Daryl @ Thu Jan 12 said:


> Divisi implies that the whole is divided. Horns are solo instruments, so rather than dividing, they are just playing normally.



That the whole _what_ is divided? Horns are no more solo instruments than violins are solo instruments. The violins are a section; the horns are a section.

I guess there is no _div_ markings, b/c one horn cant play a chord. Therefore, when you see that (what I posted), it can only be played one way - each horn takes one note. Whereas if it's a string section, the players wouldn't know if the first stand and second stand take different notes, or if they all play double stops. With horns (as well as every other instrument) there can't be chords/dbl stops, so....



Daryl @ Thu Jan 12 said:


> BTW your example illustrates perfectly the "wrong" way to voice Horns.



Eh, that's a screen shot from ET. You want to tell JW he did it wrong? PM me, I'll give you his phone # :lol:


----------



## Daryl (Jan 12, 2012)

RiffWraith @ Thu Jan 12 said:


> Daryl @ Thu Jan 12 said:
> 
> 
> > Divisi implies that the whole is divided. Horns are solo instruments, so rather than dividing, they are just playing normally.
> ...


The idea of a horn section is a much more modern idea then a violin section. it has nothing to do with double stopping. However, unless you are going to work with live players, I guess it doesn't really matter. 



RiffWraith @ Thu Jan 12 said:


> Daryl @ Thu Jan 12 said:
> 
> 
> > BTW your example illustrates perfectly the "wrong" way to voice Horns.
> ...


AFAIK the ET score was hand written, so it can't be a screenshot from ET. I also don't think he orchestrated it, so if the voicing was technically incorrect, it would be the decision of the orchestrator.

D


----------



## EastWest Lurker (Jan 12, 2012)

Daryl's point is that L.A. film score conventions do not always directly mirror concert hall music conventions and he is correct.

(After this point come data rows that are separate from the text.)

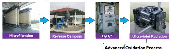
Figure 3—Treatment Processes at the Expanded Leo J. Vander Lans Advanced Water Treatment Facility

recycled municipal wastewater that has undergone advanced treatment are injected at the Barriers. Figure 3 illustrates the advanced treatment processes provided at the Leo J. Vander Lans Advanced Water Treatment Facility, consisting of: microfiltration, reverse osmosis, and advanced oxidation process (hydrogen peroxide addition to be completed in 2014). The recycled water from the facility is injected at the Alamitos Gap Barrier.
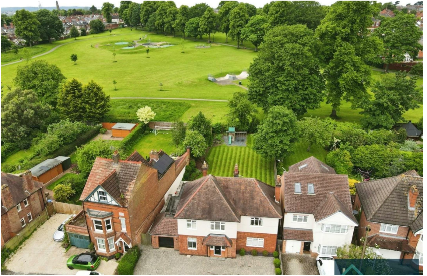
Clarence Road, Hinckley
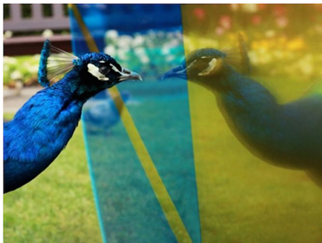
Sinta Tantra, The Eccentricity of Zero (Glass and vinyl; dimensions variable).

Viewable until 4 November 2013 at the Napoleon Garden, London.
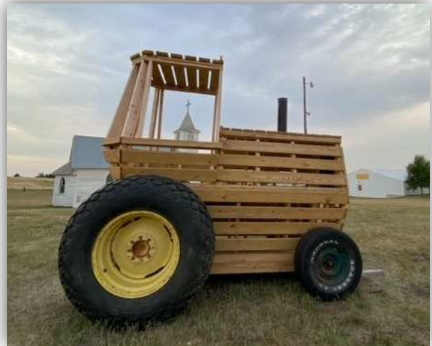
The Hazelton-Moffit-Braddock's first grant helped fund this new piece of playground equipment at the Threshing Grounds north of Braddock.

Grant applications are accepted once a year and are due by May 31. Go to www.NDCF.net/HMB for more info. ◇

That said, assuming it is 3 tenor trombones and 1 bass trombone, it is a distinction without a difference musically.


----------



## mducharme (Jan 12, 2012)

RiffWraith @ Thu Jan 12 said:


> Daryl @ Thu Jan 12 said:
> 
> 
> > Divisi implies that the whole is divided. Horns are solo instruments, so rather than dividing, they are just playing normally.
> ...



It really comes down to us still using traditional terminology. Brass instruments have historically not played in unison often. They almost always have played chords of some kind in harmony. Our idea of using these brass instruments in unison is about as old as the valve trumpet and horn, when the instruments started becoming more capable in the late romantic era. With horns, when you have them in unison, you are taking instruments that traditionally played individual lines and are putting them together. With violins in an orchestra setting, all 1st violins traditionally played the same line as all other first violins, and splitting them up was the exception.

I agree very much with Daryl on the terminology - horn players and orchestra conductors may look at you really strange if you say "divisi" for something that is not strings or choir. The reason for this does not make sense anymore, we are stuck with it because of tradition.


----------



## mducharme (Jan 12, 2012)

Another example - why are horns above Trumpets on a full score? Traditionally, they played with the winds and were grouped with them, which was a good reason. Now, we use them most often as part of the brass choir in the orchestra. It would make sense logically to have them in between the trumpets and the trombones on the full score. Obviously you cannot actually do so - if you did it would cause practical problems where the conductor would be looking in the wrong place for the horns, but it would certainly be more logical.


----------



## EastWest Lurker (Jan 12, 2012)

Once again, things are different in LA. I have seen and done lots of score prep where the horns are between the tpts and bones and L.A. conductors adjust with no problem.

Form follows function.


----------



## Daryl (Jan 12, 2012)

mducharme @ Thu Jan 12 said:


> I agree very much with Daryl on the terminology - horn players and orchestra conductors may look at you really strange if you say "divisi" for something that is not strings or choir. The reason for this does not make sense anymore, we are stuck with it because of tradition.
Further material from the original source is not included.